Our Lady of Sorrows Project: 4th Sorrow – Mary meets Jesus on the way to Calvary

So far…

1st Sorrow – The Prophecy of Simeon
2nd Sorrow – The Flight into Egypt
3rd Sorrow – The loss of the Child Jesus in Jerusalem

Now we turn to…

Mary meets Jesus on the way to Calvary. (Tradition – not attested in Scripture)

This is also the Fourth Station of the Way of the Cross.

It is entirely reasonable that if Mary was at the foot of the Cross, then she was also somewhere along the route upon which our bleeding and beaten Savior was flogged and cruelly compelled.  It is entirely reasonable that she would have raised her voice and, so, the Lord spotted her in the crowd.

In 2005, Joseph Card.
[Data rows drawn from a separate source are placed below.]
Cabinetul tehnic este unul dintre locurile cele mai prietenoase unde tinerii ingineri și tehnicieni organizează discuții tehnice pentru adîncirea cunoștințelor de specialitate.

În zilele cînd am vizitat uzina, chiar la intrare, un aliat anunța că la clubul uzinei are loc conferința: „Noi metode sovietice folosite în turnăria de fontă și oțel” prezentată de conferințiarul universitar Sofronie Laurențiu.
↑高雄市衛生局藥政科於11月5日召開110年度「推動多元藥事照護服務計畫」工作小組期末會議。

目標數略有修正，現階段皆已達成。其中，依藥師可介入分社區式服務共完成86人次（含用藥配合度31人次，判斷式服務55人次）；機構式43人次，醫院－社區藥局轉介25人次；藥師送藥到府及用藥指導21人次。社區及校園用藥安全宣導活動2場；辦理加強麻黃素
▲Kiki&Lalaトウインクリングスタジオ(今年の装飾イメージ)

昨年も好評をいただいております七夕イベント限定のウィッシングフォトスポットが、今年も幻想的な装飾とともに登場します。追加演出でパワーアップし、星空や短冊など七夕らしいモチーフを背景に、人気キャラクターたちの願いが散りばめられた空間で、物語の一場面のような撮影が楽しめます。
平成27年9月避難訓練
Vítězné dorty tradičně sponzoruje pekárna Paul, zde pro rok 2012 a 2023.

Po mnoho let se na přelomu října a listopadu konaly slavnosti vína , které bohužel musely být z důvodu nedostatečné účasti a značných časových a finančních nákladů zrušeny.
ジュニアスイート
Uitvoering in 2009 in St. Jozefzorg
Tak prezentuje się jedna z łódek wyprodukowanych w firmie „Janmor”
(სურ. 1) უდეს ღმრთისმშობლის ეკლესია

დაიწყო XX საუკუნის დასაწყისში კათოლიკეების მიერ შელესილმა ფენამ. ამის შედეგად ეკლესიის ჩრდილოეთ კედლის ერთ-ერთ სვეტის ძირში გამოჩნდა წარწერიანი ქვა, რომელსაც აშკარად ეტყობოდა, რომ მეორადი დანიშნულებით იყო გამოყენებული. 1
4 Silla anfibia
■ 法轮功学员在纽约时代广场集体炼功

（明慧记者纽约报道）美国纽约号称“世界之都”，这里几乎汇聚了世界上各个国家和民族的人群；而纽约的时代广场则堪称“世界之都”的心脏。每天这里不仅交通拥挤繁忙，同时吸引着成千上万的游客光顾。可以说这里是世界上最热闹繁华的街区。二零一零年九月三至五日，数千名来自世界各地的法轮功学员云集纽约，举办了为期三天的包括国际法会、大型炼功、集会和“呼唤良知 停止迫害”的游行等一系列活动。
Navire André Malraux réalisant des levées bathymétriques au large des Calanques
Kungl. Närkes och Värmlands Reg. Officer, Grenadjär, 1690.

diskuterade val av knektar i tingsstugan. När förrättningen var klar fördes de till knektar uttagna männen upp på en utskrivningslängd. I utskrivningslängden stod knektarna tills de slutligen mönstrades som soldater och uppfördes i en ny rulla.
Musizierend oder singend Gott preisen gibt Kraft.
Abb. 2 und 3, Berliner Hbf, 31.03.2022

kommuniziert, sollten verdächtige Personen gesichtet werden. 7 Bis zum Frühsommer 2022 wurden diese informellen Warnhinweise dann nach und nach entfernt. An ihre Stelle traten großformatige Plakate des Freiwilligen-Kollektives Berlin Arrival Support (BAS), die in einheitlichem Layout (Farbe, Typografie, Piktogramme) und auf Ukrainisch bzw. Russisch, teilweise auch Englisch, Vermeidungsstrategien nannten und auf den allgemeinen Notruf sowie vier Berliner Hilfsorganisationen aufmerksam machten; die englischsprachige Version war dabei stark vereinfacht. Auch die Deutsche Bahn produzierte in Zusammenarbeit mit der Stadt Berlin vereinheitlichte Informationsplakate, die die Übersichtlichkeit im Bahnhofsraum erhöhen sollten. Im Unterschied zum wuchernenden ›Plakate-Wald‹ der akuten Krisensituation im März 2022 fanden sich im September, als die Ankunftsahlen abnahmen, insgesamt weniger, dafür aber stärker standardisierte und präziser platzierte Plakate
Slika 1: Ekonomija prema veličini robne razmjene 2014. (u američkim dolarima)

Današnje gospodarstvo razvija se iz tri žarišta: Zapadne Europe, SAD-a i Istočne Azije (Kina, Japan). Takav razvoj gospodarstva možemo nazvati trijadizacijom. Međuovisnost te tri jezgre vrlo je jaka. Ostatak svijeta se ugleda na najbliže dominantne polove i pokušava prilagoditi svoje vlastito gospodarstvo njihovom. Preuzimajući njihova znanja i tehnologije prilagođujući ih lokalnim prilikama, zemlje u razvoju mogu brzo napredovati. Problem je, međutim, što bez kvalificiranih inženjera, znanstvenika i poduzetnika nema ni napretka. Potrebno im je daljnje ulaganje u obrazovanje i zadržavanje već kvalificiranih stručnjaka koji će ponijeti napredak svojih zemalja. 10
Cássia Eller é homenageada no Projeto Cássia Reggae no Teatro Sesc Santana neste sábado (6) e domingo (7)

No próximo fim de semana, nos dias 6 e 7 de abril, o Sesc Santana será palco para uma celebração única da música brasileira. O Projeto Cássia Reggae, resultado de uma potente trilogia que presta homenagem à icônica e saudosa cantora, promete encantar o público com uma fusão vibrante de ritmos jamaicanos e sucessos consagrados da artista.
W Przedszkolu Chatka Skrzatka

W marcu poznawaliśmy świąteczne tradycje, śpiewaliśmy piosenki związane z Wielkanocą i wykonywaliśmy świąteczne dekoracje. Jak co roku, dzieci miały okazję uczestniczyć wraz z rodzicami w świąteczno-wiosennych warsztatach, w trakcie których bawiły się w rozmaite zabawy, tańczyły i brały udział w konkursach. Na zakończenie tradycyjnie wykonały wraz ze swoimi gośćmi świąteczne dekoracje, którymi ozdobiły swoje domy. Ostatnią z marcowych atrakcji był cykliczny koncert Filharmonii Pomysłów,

Ratzinger provided the texts for the Way of the Cross on Good Friday, for their praying at the Colosseum.  Remember the pictures of John Paul II, dying, seated and watching on TV?

Ratzinger begins his meditation on the Fourth Sorrow of Mary, the Fourth Station of the Via Crucis, by quoting what we looked at in my remarks on the 1st Sorrow, the prophecy of Simeon in Luke 2 that a rhomphaia would pierce Mary’s heart.

With his usual ability to discover new facets of the jewels of our faith, Ratzinger underscores that, at a certain point, Mary simply steps aside, out of the picture, as her Son embraced a new “family”.  That process was foreshadowed in the last Sorrow, when He tarried in Jerusalem and then, in front of Joseph and those assembled, spoke of His other Father.  Mary also had to stand outside a house Christ was visiting, trying to see Him. She probably heard Christ say, “Who is my mother?”  They are my mother. (Matthew 12:46-50)  That’s also something she would have “kept in her heart” to ponder in the long dark nights.  And it was her Son who said it.  She is being emptied, in a way, as He was, to take her humanity, and later to be crucified.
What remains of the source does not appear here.